I asked my son Duncan what he wanted to design. He was excited. He wanted the car to be red, blue and purple with dragon flames on it. This last part got him going and he wiggled, almost as if the dragon flames were tickling him and making him squirm.


I asked him to sketch the car’s shape and after 15 attempts, he got busy building. I allowed him to use a coping saw and he shaped the block of wood. Each day after school we worked on his car a little at a time eventually painting it and I will tell you, it was without a doubt, a very interesting looking car. It was a Pinewood Derby hooptie, but what made that car so great is that he designed it, built it, and painted it all on his own. It was truly his car.

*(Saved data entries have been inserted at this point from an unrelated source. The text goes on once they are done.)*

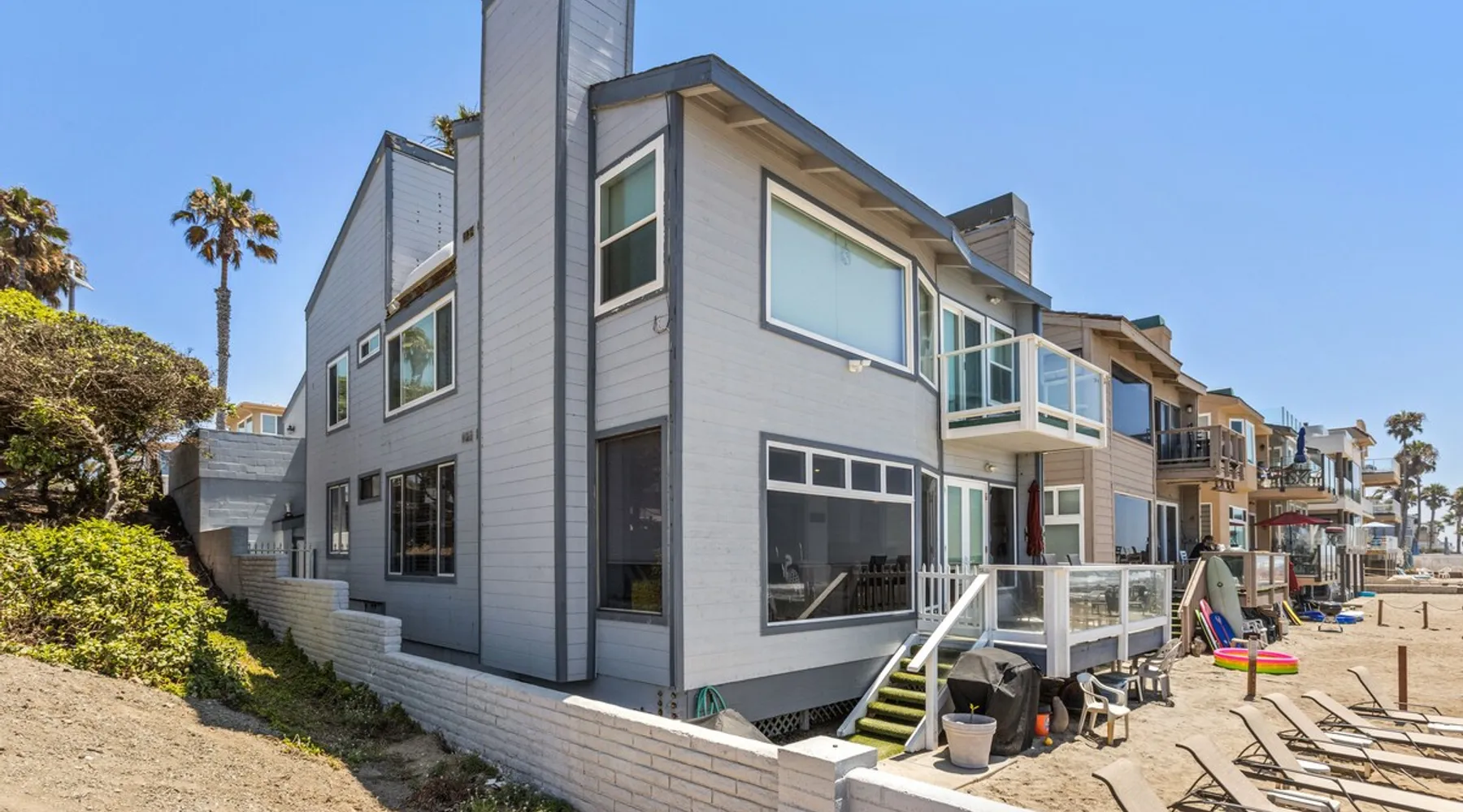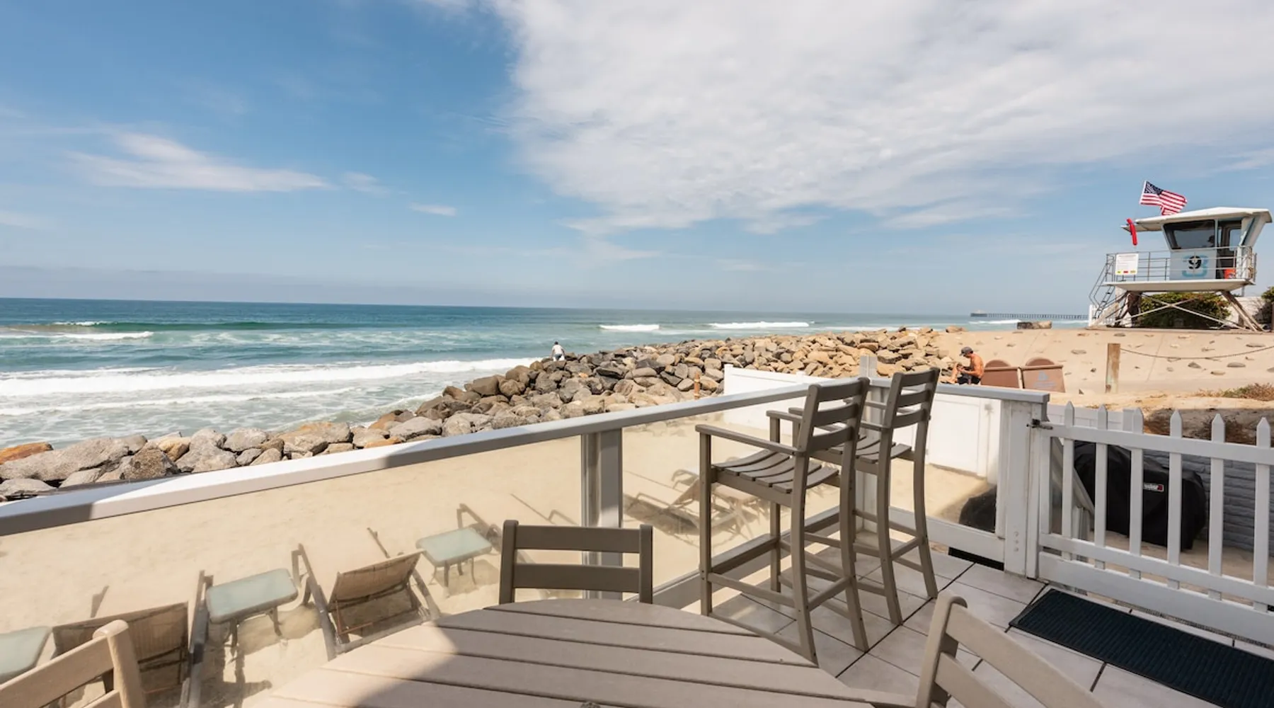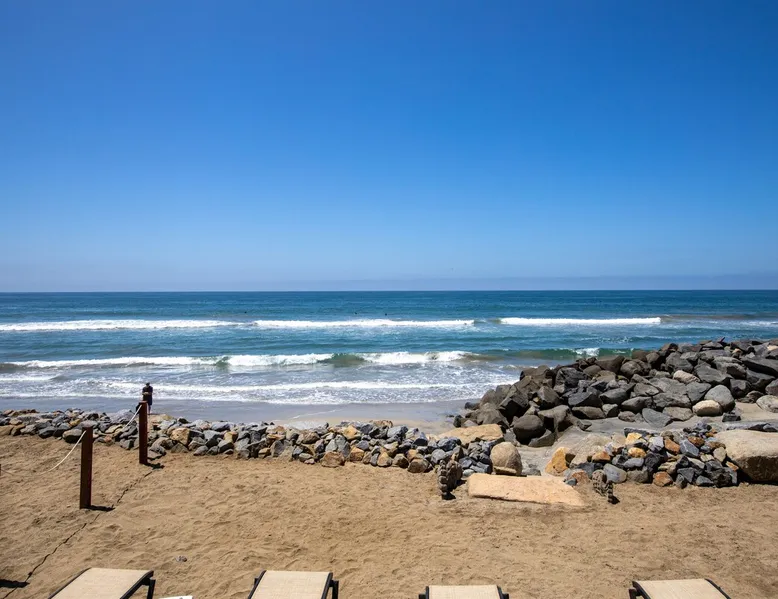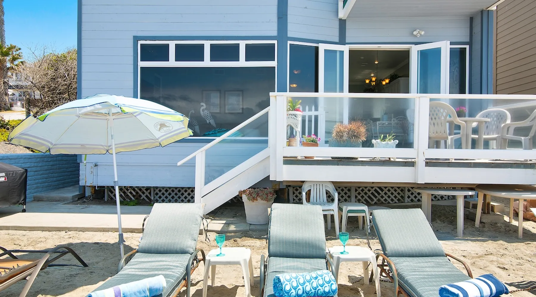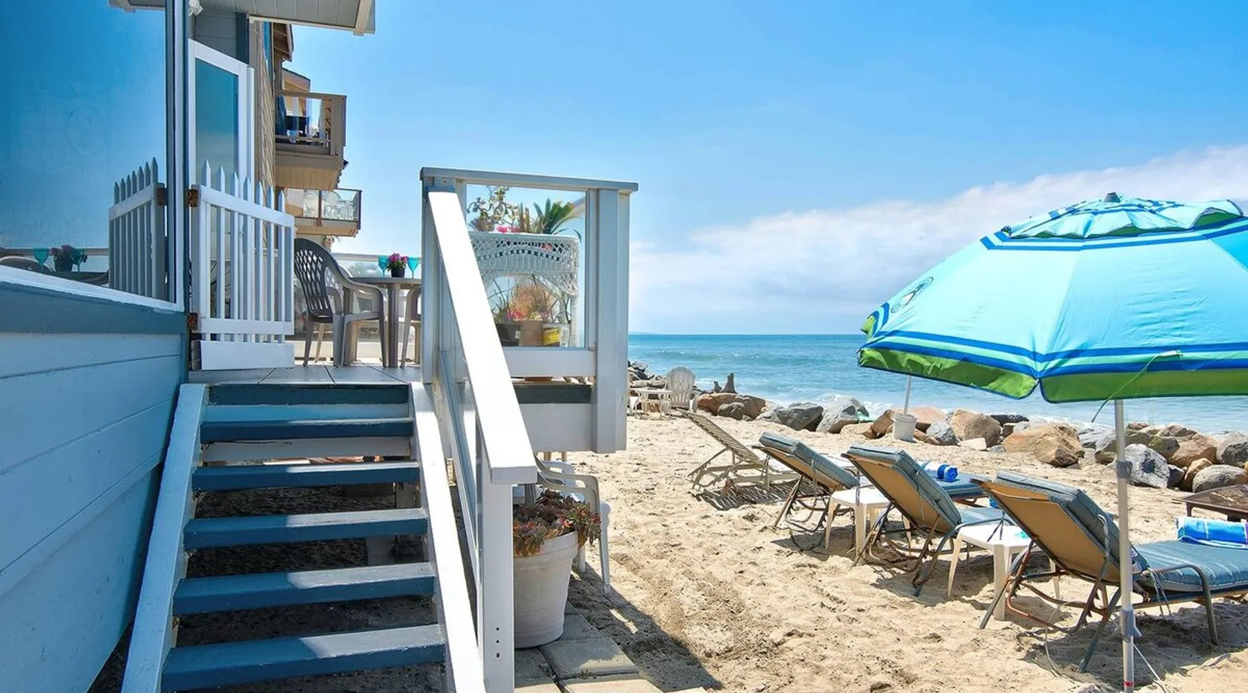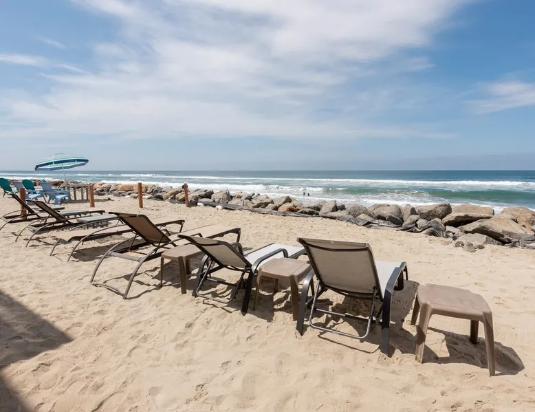 Beautiful ocean sunsets await you from this gorgeous 3 bed 3 bath home right on the sand in South Oceanside! Live in a beautiful home ON the ocean! Swim in the ocean every day, enjoy beautiful sunsets every evening, and fall asleep to the lull of waves splashing every night! The oceanfront deck has a table and chairs for al fresco dining, and just four steps take you down to the beach with a fire pit! Our one car garage and assigned parking space ensures you’ll always have a place to park. A recent renovation features an upgraded kitchen with a Sub-zero refrigerator and new stove, washer and dryer, a fireplace in the living room, 3 flat screen TVs, high speed internet, tumbled marble floors, fresh paint inside & out, beautiful crown molding and custom built cabinetry throughout, custom stained glass windows, and new dual pane windows and doors. The City of Oceanside takes great pride in the results of its recent accomplishments (and ongoing efforts) to create a coastal gem that will soon outlive the town’s reputation as a San Diego best kept secret! The revamped Oceanside Pier area has kiosks that provide everything from ice cream, to bike rentals, to surf gear, to t-shirts! Local restaurants range from hip and trendy, to quaint and family owned- and are available at every budget level. There are pizza stops and coffee shops, martinis bars and craft breweries, ice cream shops and movie theatres, shopping and surfing, locally produced art studios, a farmer’s market by day and street fair with music and a variety of food vendors by night (every Thursday) and of course, a local library! You’ll be over-joyed by the variety of places to choose from, and all within walking distance to your Casa Idea (Dream House) l!! Any one who books through Airbnb acknowledges and
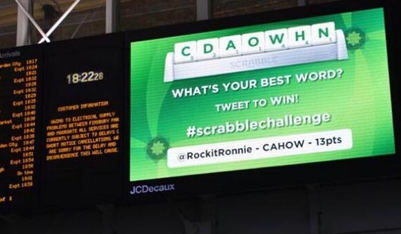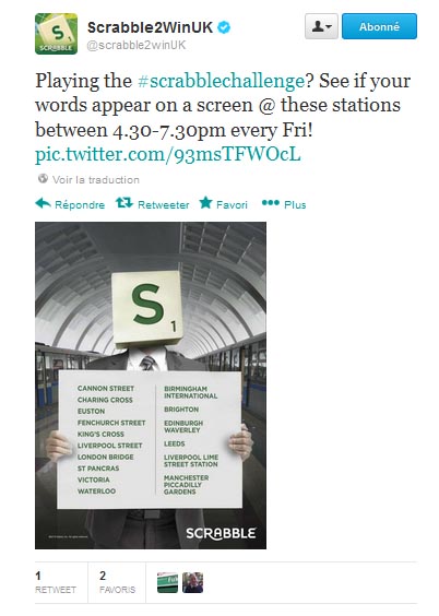 Partant du constat que les gares sont des lieux d’attente et souvent d’ennui, Mattel a eu l’idée de mettre en place un Scrabble géant via Twitter. La marque a donc installé des écrans géants Transvision JC Decaux Live où elle a diffusé des séries de lettres, défiant les passants de trouver le mot le plus long.
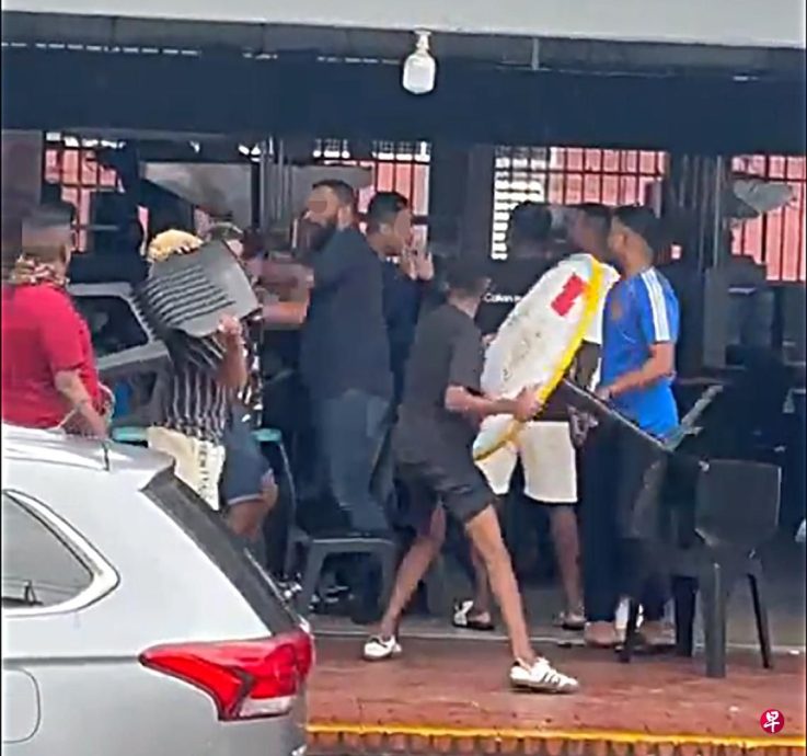(新加坡24日讯)咖啡店发生暴力冲突,两帮人马逾10人斗殴,挥拳相向、桌椅怒砸、持刀砍人,酒瓶碎片散落一地,惊动大批警员到场。
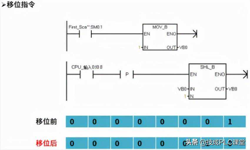 如图2,SHL_B为左移位指令,IN指的是需要移位的操作数,而N则代表移位的个数。程序中VB0的初始值为2进制的00000001,左移一位后最高位丢失,整体左移一位,最低位补0,则变成2进制的00000010。
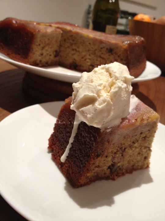 The recipe calls for maple syrup. I walked the aisles of the supermarket and contemplated on the maple flavoured syrup, as I never really wanted to spend almost $10aud on a bottle of pure maple syrup. But I decided to spoil ourselves and got a bottle of the real stuff and boy was I glad I did. It adds a unusual nutty flavour to the cake, which was perfect! The sour cream made the cake really soft and moist. And nothing could beat the smell of banana cake baking in the oven. It fills the whole house with the yummy aroma which makes you wanna dive your fork into it immediately once it’s taken out of the oven!
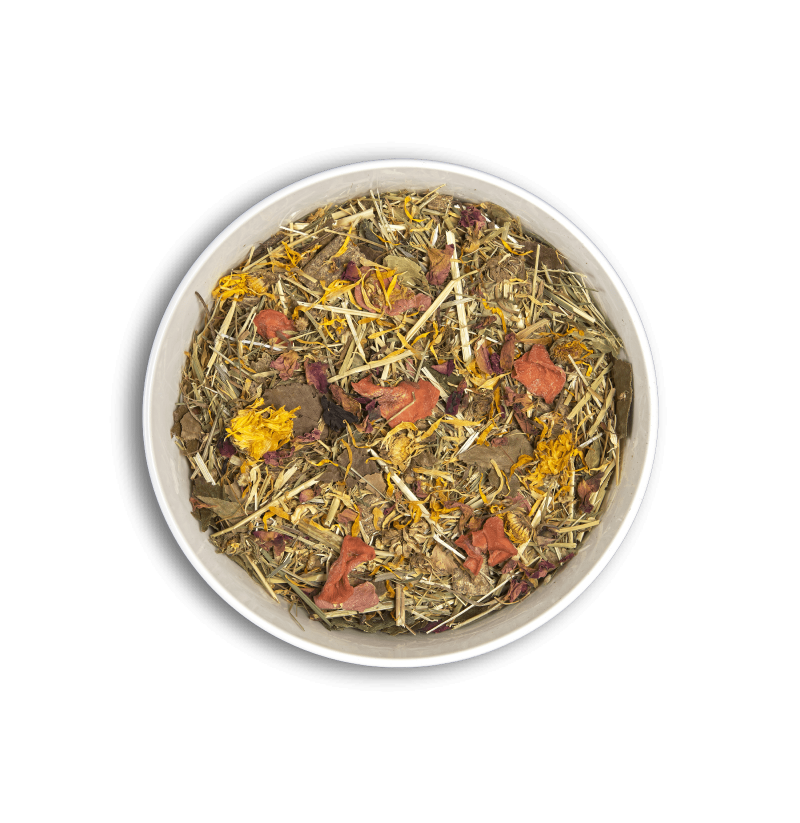 Composición: Heno Timothy, heno de pasto curado al sol, harina de alfalfa deshidratada, productos de forraje, zanahoria deshidratada, ortiga (Urtica Dioica L.), abedul (Betula L.), echinacea (Echinacea), aceite de soja, suplemento vitamínico, sal y carbonato de calcio.
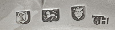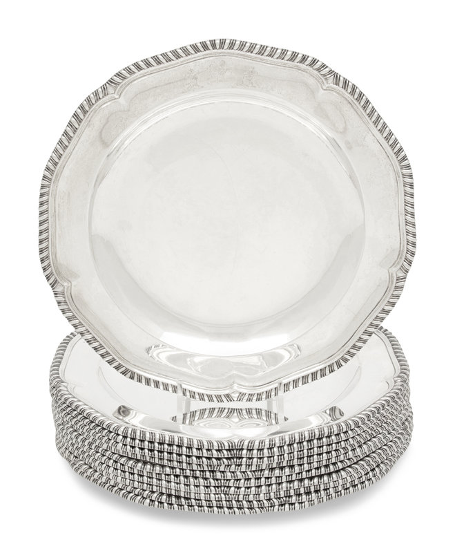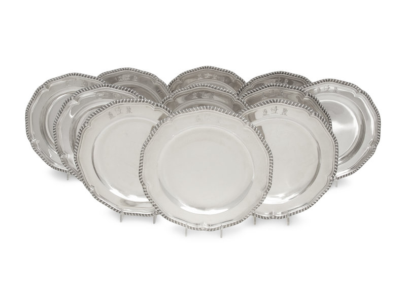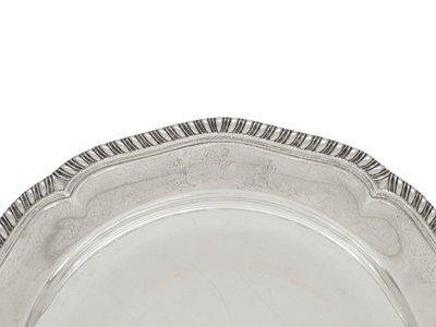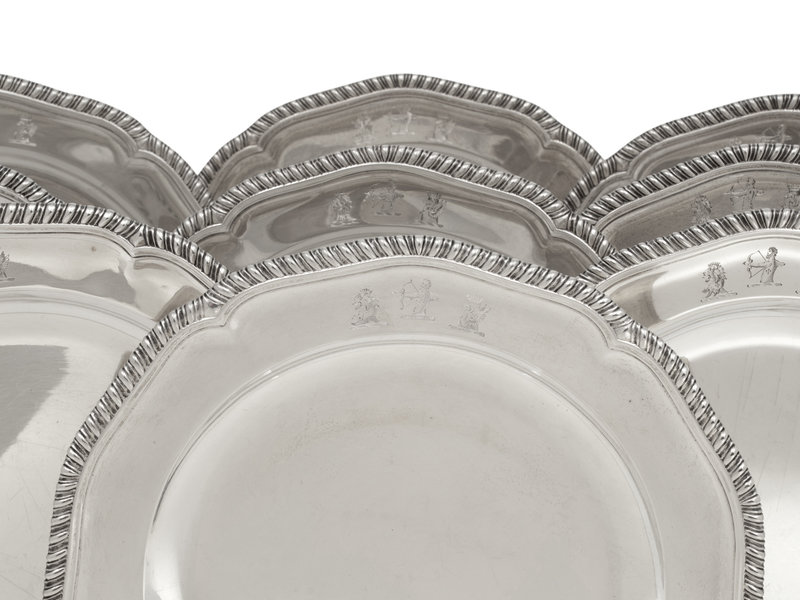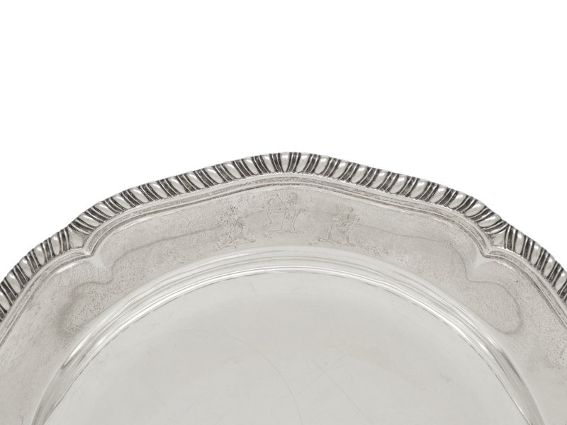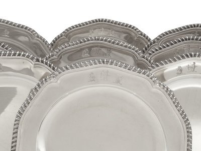 having a shaped gadroon rim with three engraved crests on border, the undersides with a bright-cut inventory number and weight.
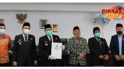 PIRNAS.COM | DAIRI – Dewan Perwakilan Rakyat Daerah (DPRD) Kabupaten Dairi menggelar Rapat Paripurna Penyampaian Rekomendasi atas Laporan Keterangan Pertanggungjawaban (LKPJ) Bupati Dairi Tahun Anggaran 2019, Jumat (5/6/20). Bertempat di ruang sidang DPRD Kabupaten Dairi, rekomendasi DPRD disampaikan oleh Sekretaris Panitia Khusus (Pansus) LKPJ, Juangga Silaban. Sidang penyampaian rekomendasi DPRD Kabupaten Dairi ini dihadiri langsung oleh Bupati Dairi Dr. Eddy Keleng Ate Berutu, Wakil Bupati Dairi Jimmy A.L Sihombing, SH, Ketua DPRD Sabam Sibarani, S.Sos, Wakil Ketua DRPD, Forkopimda, anggota DPRD, Sekda Drs. Leonardus Sihotang serta pimpinan OPD.
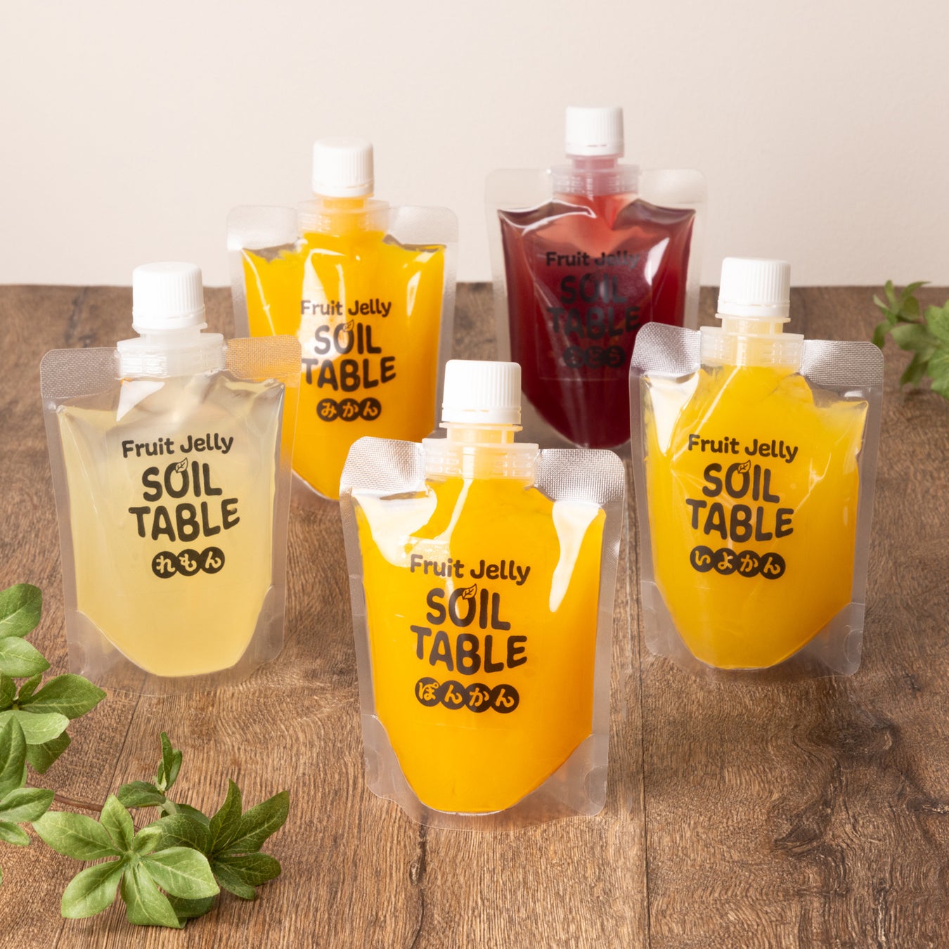 愛媛の豊かな自然の中で大切に育てられた柑橘や国産ぶどうを使ったゼリー。果実の濃さとフレッシュな甘みを味わえる色とりどりのゼリーは、持ち運びにも手軽なパッケージ。
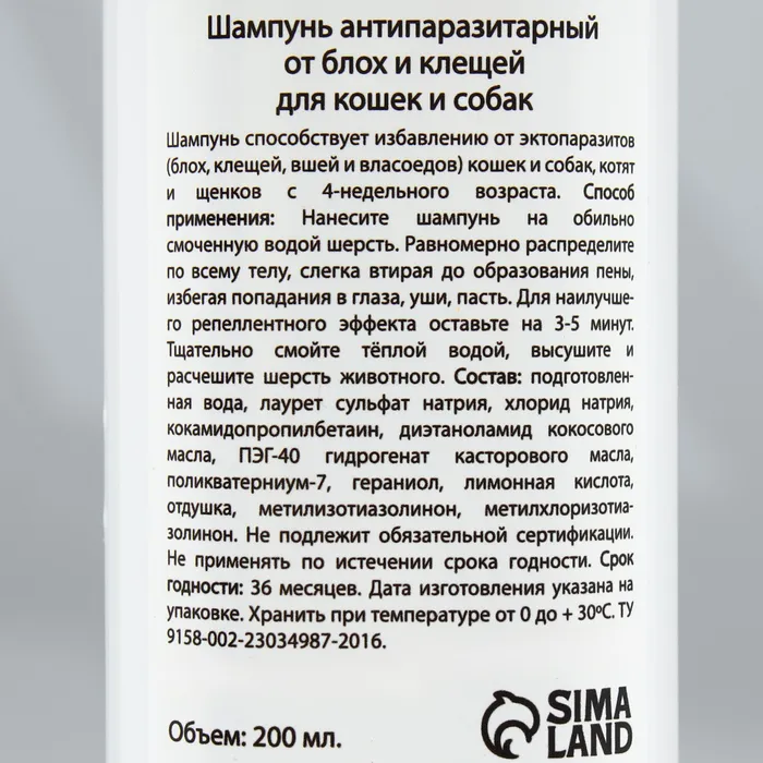 Шампунь "МОЙ ВЫБОР"антипаразитарный от блох и клещей, для кошек и собак, 200 мл — Характеристики

Several weeks later we waited in line to get the car weighed and inspected. All cars have to have the same dimensions and weight. As we stood in line, I looked at some of the cars that the other boys were holding. Duncan’s was clearly one of only a handful of cars that were kid built. One boy’s car had axles held in place by scotch tape and there was so much dried wood glue on the car that it looked like a glazed donut.


The other kid-built car was jagged, cracked, and it looked like the kid attacked the block of wood with a saw, making it up as he went along. As the kid described the car it was apparent that each crack, chip and seemingly random cut had a purpose on the car (the cut towards the back of the vehicle was a wing that could make the car fly and some cuts on the top were to hide the machineguns). The kid’s imagination was awesome which I think is part of the adventure of building these things.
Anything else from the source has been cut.